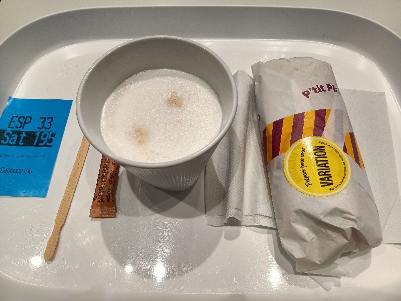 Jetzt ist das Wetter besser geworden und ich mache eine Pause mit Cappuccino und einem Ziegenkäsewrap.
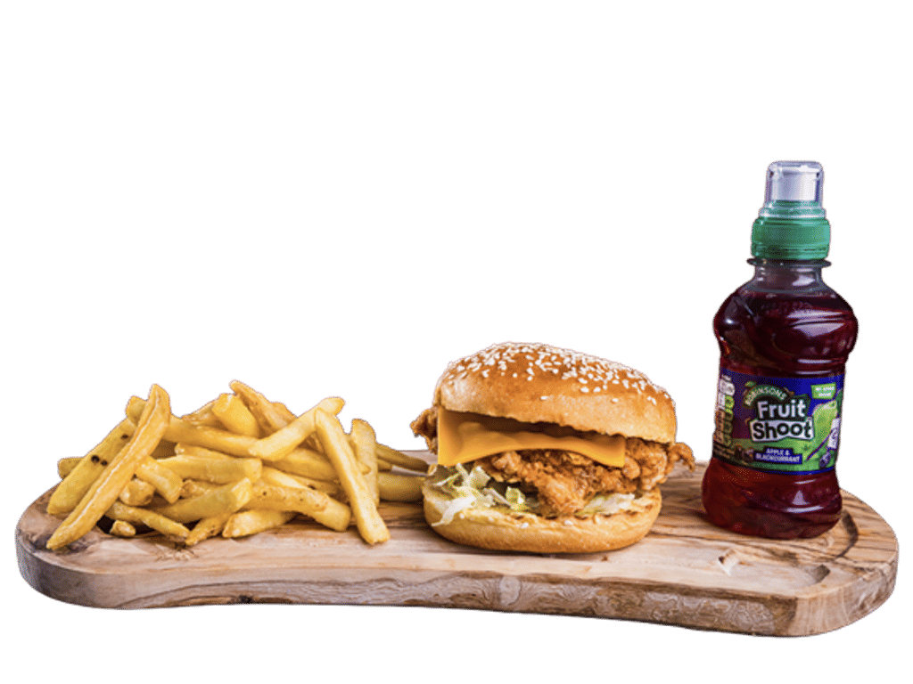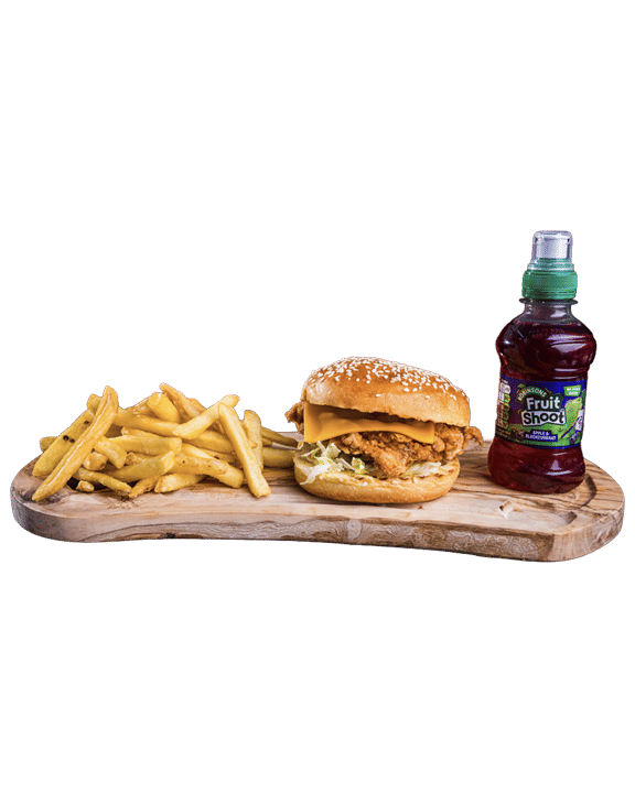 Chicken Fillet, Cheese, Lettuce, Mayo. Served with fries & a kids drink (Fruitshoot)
...
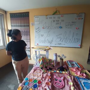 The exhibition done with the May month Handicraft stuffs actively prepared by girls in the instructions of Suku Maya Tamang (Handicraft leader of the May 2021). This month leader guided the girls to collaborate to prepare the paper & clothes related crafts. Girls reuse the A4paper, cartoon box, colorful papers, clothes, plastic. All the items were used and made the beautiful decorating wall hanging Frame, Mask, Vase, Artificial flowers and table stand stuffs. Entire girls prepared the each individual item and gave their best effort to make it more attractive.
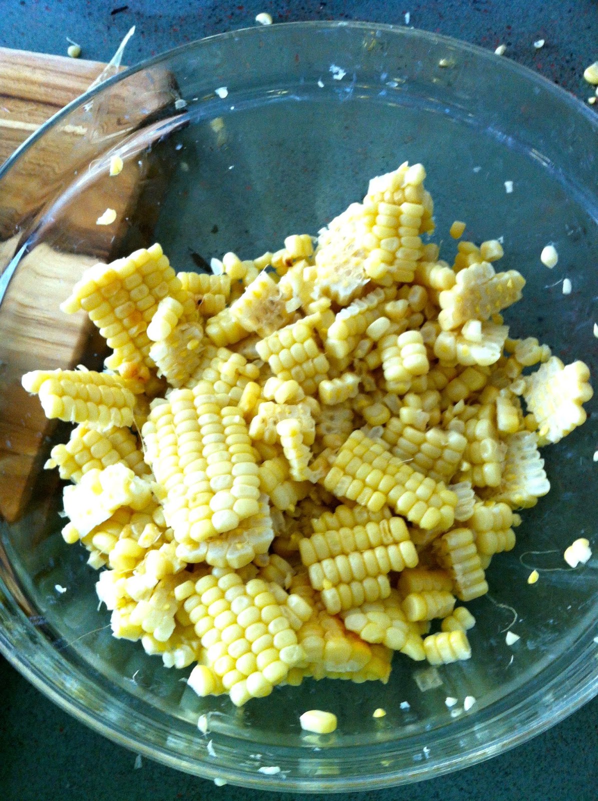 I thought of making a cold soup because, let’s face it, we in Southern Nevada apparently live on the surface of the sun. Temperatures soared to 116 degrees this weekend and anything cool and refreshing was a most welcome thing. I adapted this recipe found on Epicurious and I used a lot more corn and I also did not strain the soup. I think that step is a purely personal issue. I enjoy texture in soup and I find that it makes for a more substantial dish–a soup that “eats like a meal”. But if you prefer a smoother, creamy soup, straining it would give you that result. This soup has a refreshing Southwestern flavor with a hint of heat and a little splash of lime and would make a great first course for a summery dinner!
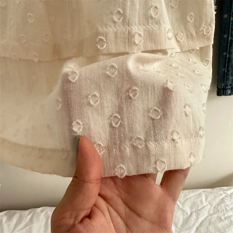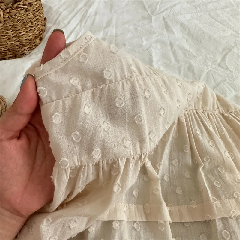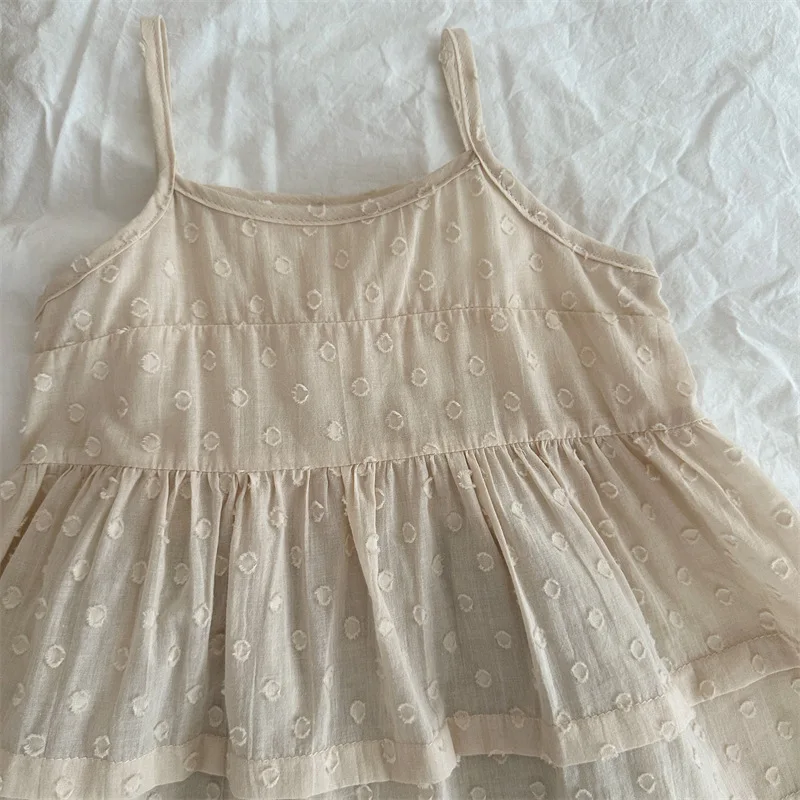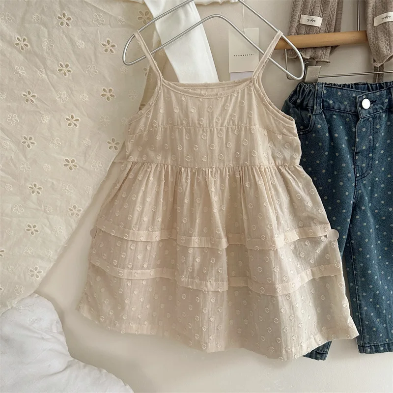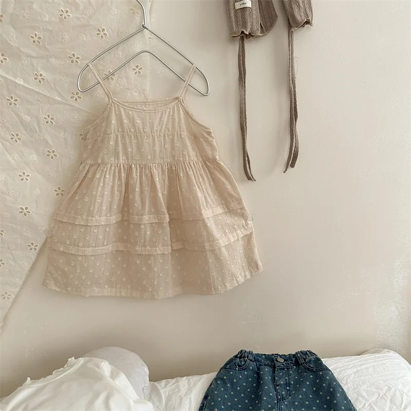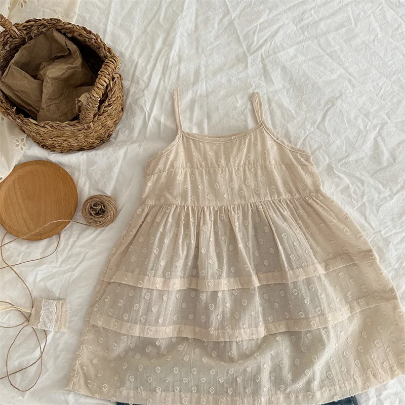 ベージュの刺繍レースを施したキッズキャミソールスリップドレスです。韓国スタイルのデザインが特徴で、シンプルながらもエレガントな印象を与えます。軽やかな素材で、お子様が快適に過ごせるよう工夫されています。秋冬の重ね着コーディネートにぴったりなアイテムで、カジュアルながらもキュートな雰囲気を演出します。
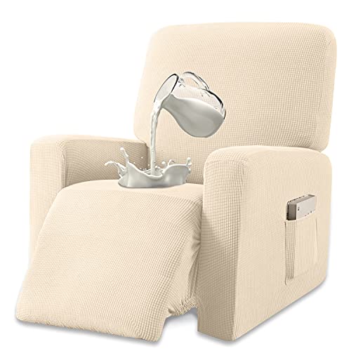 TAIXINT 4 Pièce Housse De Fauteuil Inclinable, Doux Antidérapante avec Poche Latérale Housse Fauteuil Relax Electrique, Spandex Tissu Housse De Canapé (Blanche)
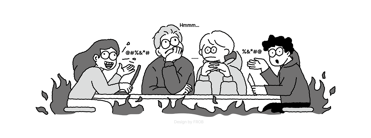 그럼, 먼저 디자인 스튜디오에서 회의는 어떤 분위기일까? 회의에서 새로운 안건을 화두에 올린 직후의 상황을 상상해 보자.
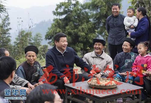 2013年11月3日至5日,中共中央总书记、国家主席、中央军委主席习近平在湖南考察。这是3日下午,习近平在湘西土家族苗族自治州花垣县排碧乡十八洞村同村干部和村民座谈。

### What the task asks
Copy exactly the lines of the listing above between the one holding "I thought of" and the one holding "2013年11月3日至5日,中共中央总书", inclusive; omit all pictures.

### Solution for this task
 I thought of making a cold soup because, let’s face it, we in Southern Nevada apparently live on the surface of the sun. Temperatures soared to 116 degrees this weekend and anything cool and refreshing was a most welcome thing. I adapted this recipe found on Epicurious and I used a lot more corn and I also did not strain the soup. I think that step is a purely personal issue. I enjoy texture in soup and I find that it makes for a more substantial dish–a soup that “eats like a meal”. But if you prefer a smoother, creamy soup, straining it would give you that result. This soup has a refreshing Southwestern flavor with a hint of heat and a little splash of lime and would make a great first course for a summery dinner!
 ベージュの刺繍レースを施したキッズキャミソールスリップドレスです。韓国スタイルのデザインが特徴で、シンプルながらもエレガントな印象を与えます。軽やかな素材で、お子様が快適に過ごせるよう工夫されています。秋冬の重ね着コーディネートにぴったりなアイテムで、カジュアルながらもキュートな雰囲気を演出します。
 TAIXINT 4 Pièce Housse De Fauteuil Inclinable, Doux Antidérapante avec Poche Latérale Housse Fauteuil Relax Electrique, Spandex Tissu Housse De Canapé (Blanche)
 그럼, 먼저 디자인 스튜디오에서 회의는 어떤 분위기일까? 회의에서 새로운 안건을 화두에 올린 직후의 상황을 상상해 보자.
 2013年11月3日至5日,中共中央总书记、国家主席、中央军委主席习近平在湖南考察。这是3日下午,习近平在湘西土家族苗族自治州花垣县排碧乡十八洞村同村干部和村民座谈。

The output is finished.